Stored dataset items
______
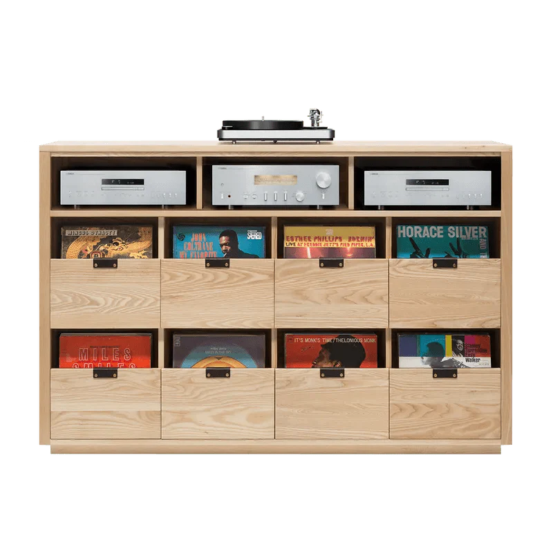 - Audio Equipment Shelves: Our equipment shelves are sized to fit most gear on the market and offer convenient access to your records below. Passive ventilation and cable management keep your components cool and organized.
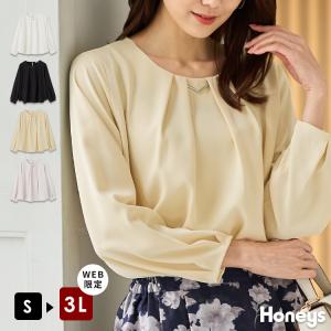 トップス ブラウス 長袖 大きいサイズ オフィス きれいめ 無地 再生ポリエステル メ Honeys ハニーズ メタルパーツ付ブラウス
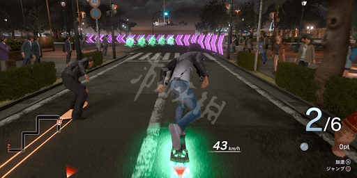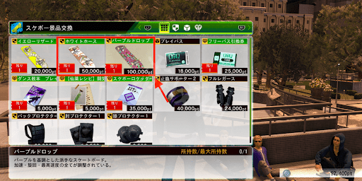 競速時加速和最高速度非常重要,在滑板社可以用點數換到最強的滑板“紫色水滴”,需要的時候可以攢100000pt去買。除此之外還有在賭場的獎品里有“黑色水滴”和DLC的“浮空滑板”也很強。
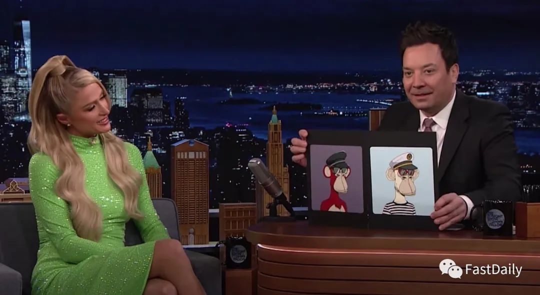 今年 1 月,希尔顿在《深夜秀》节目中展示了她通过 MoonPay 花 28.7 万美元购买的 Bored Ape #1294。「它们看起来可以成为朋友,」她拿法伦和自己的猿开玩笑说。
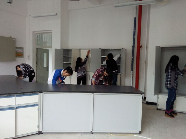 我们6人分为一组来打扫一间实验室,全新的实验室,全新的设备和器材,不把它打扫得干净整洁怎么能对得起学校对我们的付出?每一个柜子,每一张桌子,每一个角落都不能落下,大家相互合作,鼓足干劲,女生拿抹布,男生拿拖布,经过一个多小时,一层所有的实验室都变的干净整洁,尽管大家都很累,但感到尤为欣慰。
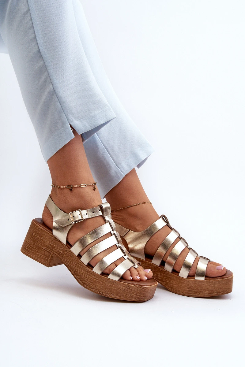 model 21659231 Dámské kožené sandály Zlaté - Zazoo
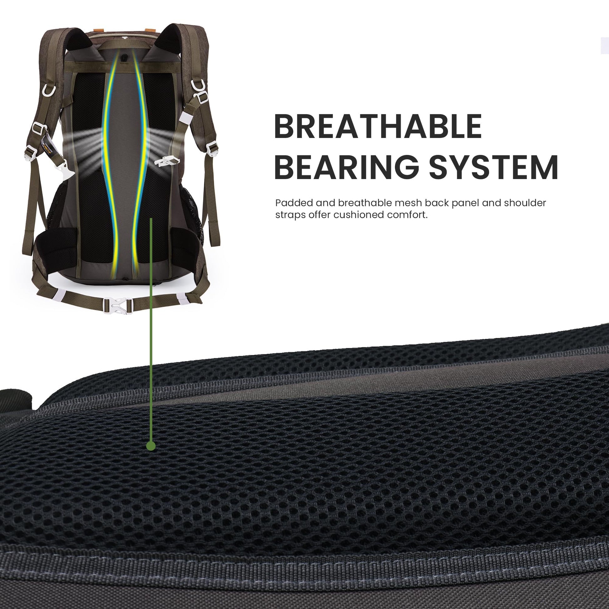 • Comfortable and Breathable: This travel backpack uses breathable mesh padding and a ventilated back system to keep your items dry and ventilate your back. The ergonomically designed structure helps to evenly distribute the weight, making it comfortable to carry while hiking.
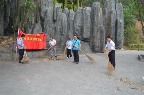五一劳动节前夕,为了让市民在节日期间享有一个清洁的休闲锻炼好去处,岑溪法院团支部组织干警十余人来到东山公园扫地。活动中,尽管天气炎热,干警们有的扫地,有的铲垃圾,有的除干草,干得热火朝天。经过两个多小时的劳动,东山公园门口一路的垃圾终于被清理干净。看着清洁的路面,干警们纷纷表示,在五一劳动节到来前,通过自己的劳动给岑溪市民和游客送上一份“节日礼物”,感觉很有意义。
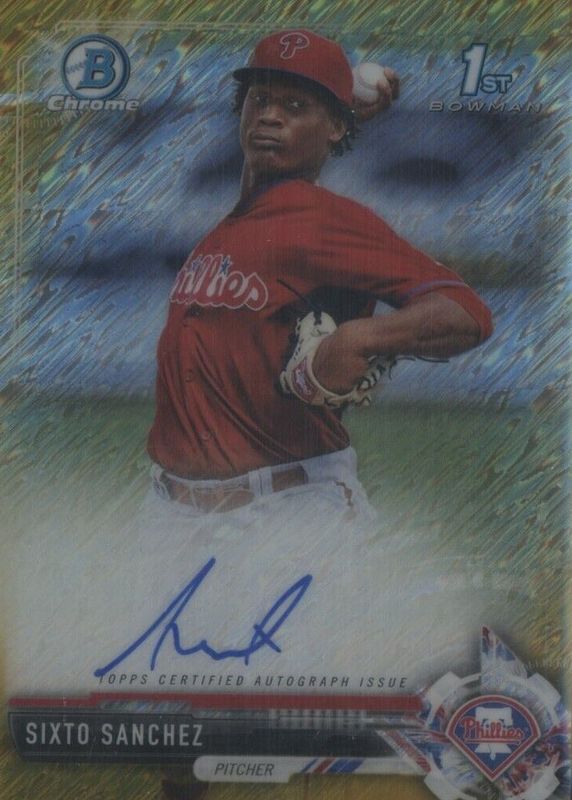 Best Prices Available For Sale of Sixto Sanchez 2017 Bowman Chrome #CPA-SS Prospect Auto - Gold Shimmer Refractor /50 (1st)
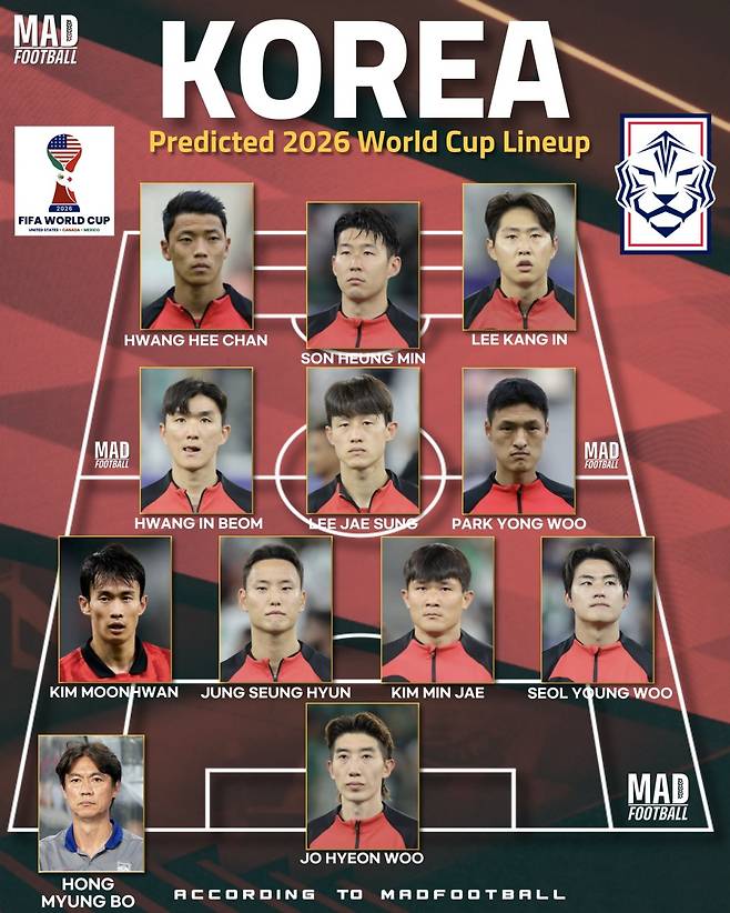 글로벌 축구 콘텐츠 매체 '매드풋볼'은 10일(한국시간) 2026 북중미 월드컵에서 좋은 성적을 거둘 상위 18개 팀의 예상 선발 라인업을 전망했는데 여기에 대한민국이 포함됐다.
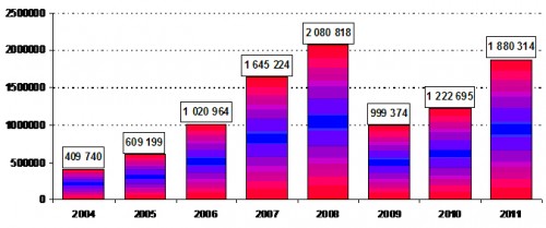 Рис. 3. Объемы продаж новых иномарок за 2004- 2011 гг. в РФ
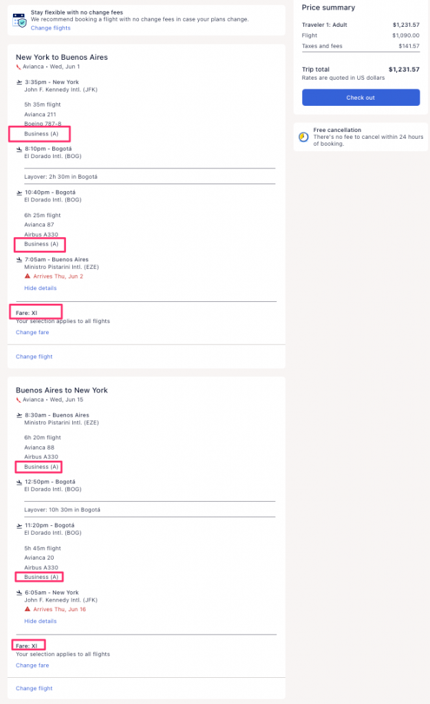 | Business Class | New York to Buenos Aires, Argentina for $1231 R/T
______
Exercise: Copy exactly what appears in the entries, beginning with the first line and ending with the line that has "今年 1 月,希尔顿在《深夜秀》节目中展示了她通过", but not the pictures.

Result of the task:
 - Audio Equipment Shelves: Our equipment shelves are sized to fit most gear on the market and offer convenient access to your records below. Passive ventilation and cable management keep your components cool and organized.
 トップス ブラウス 長袖 大きいサイズ オフィス きれいめ 無地 再生ポリエステル メ Honeys ハニーズ メタルパーツ付ブラウス
 競速時加速和最高速度非常重要,在滑板社可以用點數換到最強的滑板“紫色水滴”,需要的時候可以攢100000pt去買。除此之外還有在賭場的獎品里有“黑色水滴”和DLC的“浮空滑板”也很強。
 今年 1 月,希尔顿在《深夜秀》节目中展示了她通过 MoonPay 花 28.7 万美元购买的 Bored Ape #1294。「它们看起来可以成为朋友,」她拿法伦和自己的猿开玩笑说。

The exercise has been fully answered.